A highly regarded cybersecurity firm said Monday that Target Corp.’s monster security breach was anything but sophisticated or exotic.
Countering assertions by Target and the U.S. Secret Service that the hackers were highly technical, security firm McAfee Inc. said they used easily modified off-the-shelf malware and common methods to hide it.
The report said the thieves left card information unencrypted as it was transmitted out, which should have made the breach visible. “It’s all just there in black and white,” said Jim Walter, manager of McAfee’s Threat Intelligence Service. “As an attack, it is extremely unimpressive and unremarkable.”
In a quarterly threats report, McAfee points the finger directly at the nation’s No. 2 discount retailer for a major security miss. The characterization contrasts with other depictions of the attack as highly sophisticated and renews questions about why Target’s IT security team did not catch it and had to be informed by federal agencies that there was a breach.
Target declined to comment specifically on the report.
“While the investigation into this highly sophisticated crime is continuing, we remain committed to understanding the facts and making improvements,” Target spokeswoman Molly Snyder said.
Walter, chief author of the Target section of the McAfee report, emphasized that he is “not passing any sort of judgment” on Target and couldn’t discuss compliance issues.
Thieves acquired personal or payment information for as many as 110 million Target shoppers after gaining access to the retailer’s computer systems through the network credentials stolen from a heating and refrigeration vendor. The attack remains the subject of multiple investigations.
Target’s chief information officer Beth Jacob resigned last week amid an overhaul of the company’s information security operations.
If investigators conclude Target wasn’t complying with industry standards for payment card security, the company will be subject to fines. The company could also be vulnerable to legal claims that it was negligent in its handling of the information.
McAfee is a Santa Clara, Calif., based cybersecurity firm that’s now part of Intel Corp. It is not part of the official Target investigations. According to the report, it gained an understanding of the exact malware used at Target “in cooperation with various agencies.”
In early February Target CFO John Mulligan testified in a Senate committee hearing that the company has invested “hundreds of millions of dollars” in a range of technology security such as segmentation, malware detection, intruder detection and multiple layers of firewalls.
“We have ongoing assessments and third parties coming in doing penetration testing of our systems, benchmarking us against others, assessing if we are in compliance with our own processes and control standards,” Mulligan told the committee.
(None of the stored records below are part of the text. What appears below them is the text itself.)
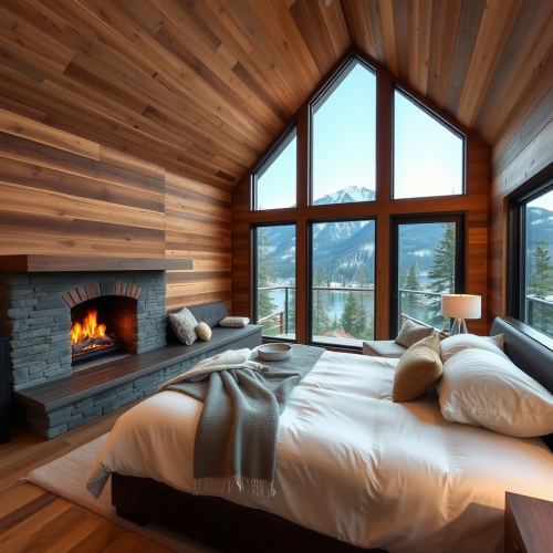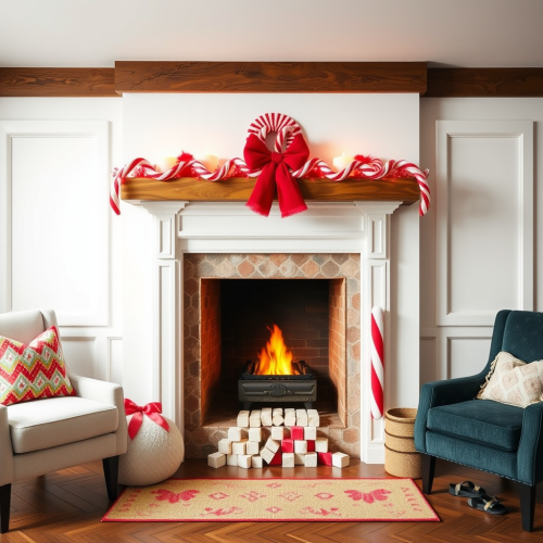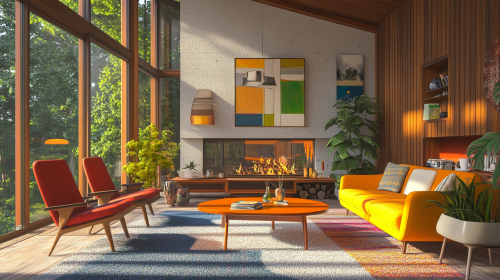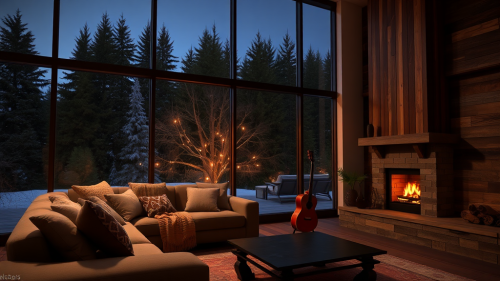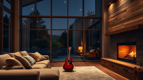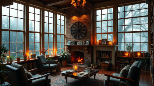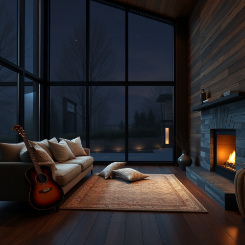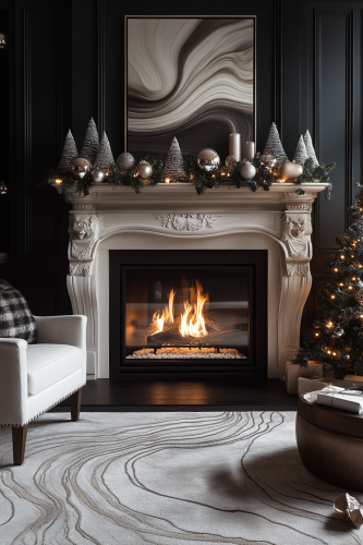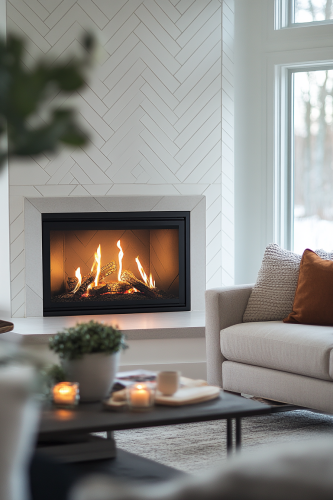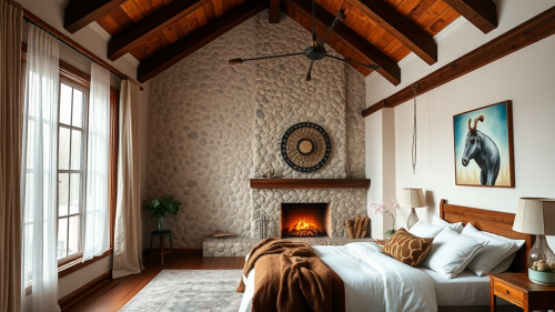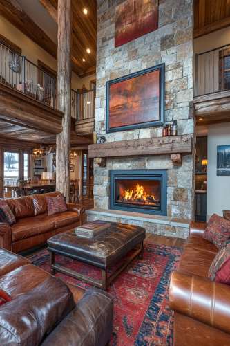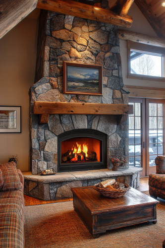 Showcase a transitional farmhouse fireplace that marries traditional charm with modern design elements. This fireplace might feature a classic brick or stone surround updated with a modern, sleek mantel. The decor should be a blend of old and new, such as placing contemporary art above a rustic stone facade. Capture this blend in a way that the transitional style is evident, appealing to viewers who appreciate both past and present design influences. This photograph should be so beautifully balanced that it compels viewers to click for more transitional fireplace designs. Camera: DSLR - Canon EOS 5D Mark IV. Lens: Canon EF 24-70mm f/2.8L II USM. Composition: Wide shot, room-centered, horizontal orientation, balance between furniture and space. Film: Digital, high resolution, color profile sRGB. Camera settings: ISO 400, f/2.8, 1/60 sec. --ar 2:3 --v 6.1 --s 250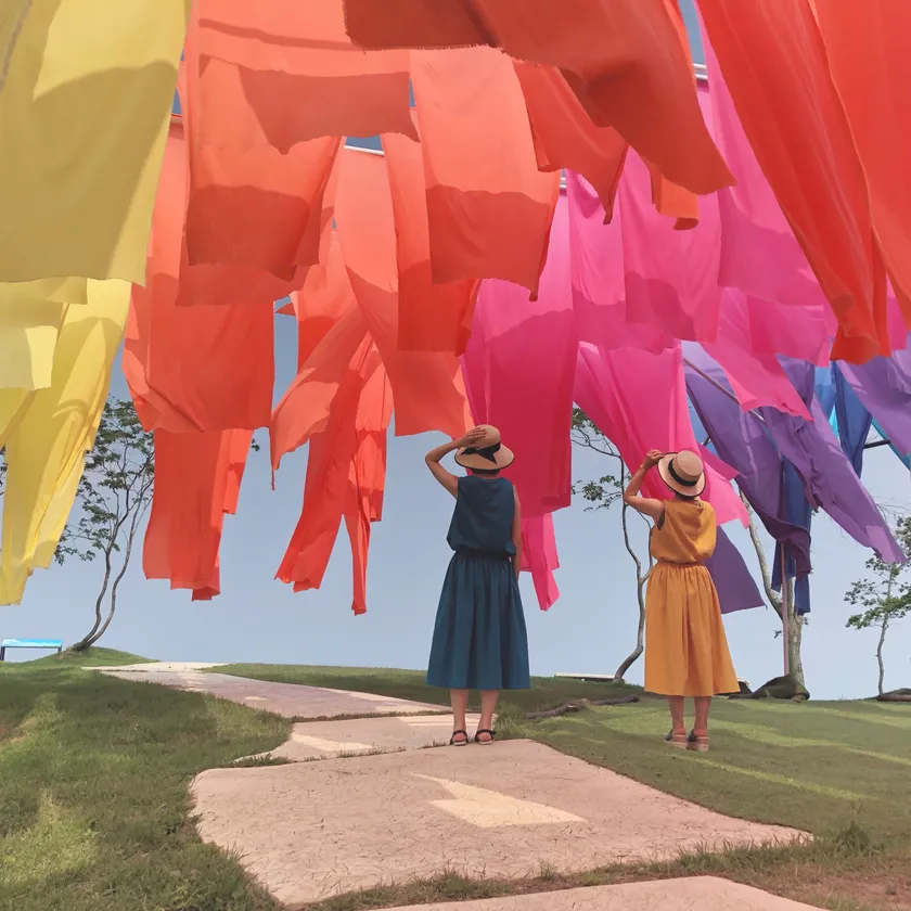 琵琶湖を彩る新スポットの誕生です。ここでは、地域の気候の特徴「高島時雨」により頻繁に虹がかかります。その虹を、江戸時代から続く伝統産業である「高島ちぢみ」で織りあげました。横20m、奥行12mの長さ4mの生地が約200枚、風にそよぐ大きなカーテンを通り抜けると、琵琶湖と空の大パノラマが広がります。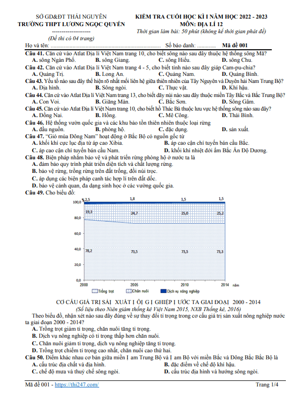 Câu 45: Căn cứ vào Atlat Địa lí Việt Nam trang 6 – 7, cho biết dãy núi nào sau đây có hướng tây – đông? A. Hoàng Liên Sơn. B. Con Voi. C. Ngân Sơn. D. Bạch Mã. Câu 46: Đồng bằng sông Cửu Long khác với Đồng bằng sông Hồng ở A. Diện tích nhỏ hơn. B. Phù sa không bồi đắp hàng năm C. Thấp và khá bằng phẳng D. Cao ở rìa đông, thấp ở giữa Câu 47: Cho biểu đồ: Biểu đồ trên thể hiện nội dung nào sau đây? A. Cơ cấu một số mặt hàng xuất khâu của nước ta giai đoạn 2000 – 2015. B. Quy mô một số mặt hàng xuất khẩu của nước ta giai đoạn 2000 – 2015. C. Tốc độ tăng trưởng một số mặt hàng xuất khẩu của nước ta giai đoạn 2000 – 2015. D. Sự chuyển dịch cơ cấu một số mặt hàng xuất khẩu của nước ta giai đoạn 2000 – 2015. Câu 48: Dựa vào Atlat Địa lí Việt Nam trang 9, cho biết điểm giống nhau giữa trạm khí tượng TP. Hồ Chí Minh và Cà Mau là A. biên độ nhiệt năm lớn. B. nhiệt độ trung bình năm cao trên 250 C. C. mùa khô từ tháng V-X. D. mùa mưa từ tháng XI – IV năm sau. Câu 49: Đặc điểm nào sau đây đúng về thiên nhiên đai cận nhiệt đới gió mùa trên núi? A. Đất trong đai gồm: Đất phù sa chiếm gần 24% diện tích tự nhiên cả của nước; đất feralit chiếm 60% diện tích tự nhiên của cả nước. B. Sinh vât gồm: hệ sinh thái rừng nhiệt đới ẩm lá rộng thường xanh hình thành những vùng núi thấp mưa nhiều; Hệ sinh thái rừng nhiệt đới gió mùa. C. Khí hậu mát mẻ, không có tháng nào nhiệt độ trên 25°C, mưa nhiều hơn, độ ẩm tăng. D. Khí hậu nhiệt đới biểu hiện rõ rệt, mùa hạ nóng (nhiệt độ trung bình tháng trên 25°C). Độ ẩm thay đổi tùy nơi: từ khô đến ẩm ướt.

McAfee’s report, however, paints a picture of a run-of-the-mill, Breach 101 attack.
The malware may have been customized for Target’s systems, but it was“far from ‘advanced,’ ” it said: “The BlackPOS malware family is an ‘off-the-shelf’ exploit kit for sale that can easily be modified and redistributed with little programming skill or knowledge of malware functionality.”
Thieves not sophisticated
The methods the thugs used to hide the malware on Target’s system were nothing new either, it said, calling it “standard practice” for criminals to evade the anti-malware and controls companies use for protection.
The report said the thieves encrypted neither the instructions on where to send the stolen card data nor the card information itself as it was being transmitted out of Target to a remote server, a data stream that should have been detected and caught.
Walter said in an interview that the thieves hid the malware on Target’s systems with variations of UPX and Armadillo, very common “packers” that created something like a wrapper around the malware.
The report names retailers that suffered point of sale attacks in 2013 including Neiman Marcus, Michaels Stores, hotel manager White Lodging Services Corp., Harbor Freight Tools, Easton-Bell Sports and sandwich chain ’Wichcraft.
“Probably the biggest issue in this attack is that they lacked the situational awareness to identify anomalous occurrence in their environment,” Walter said.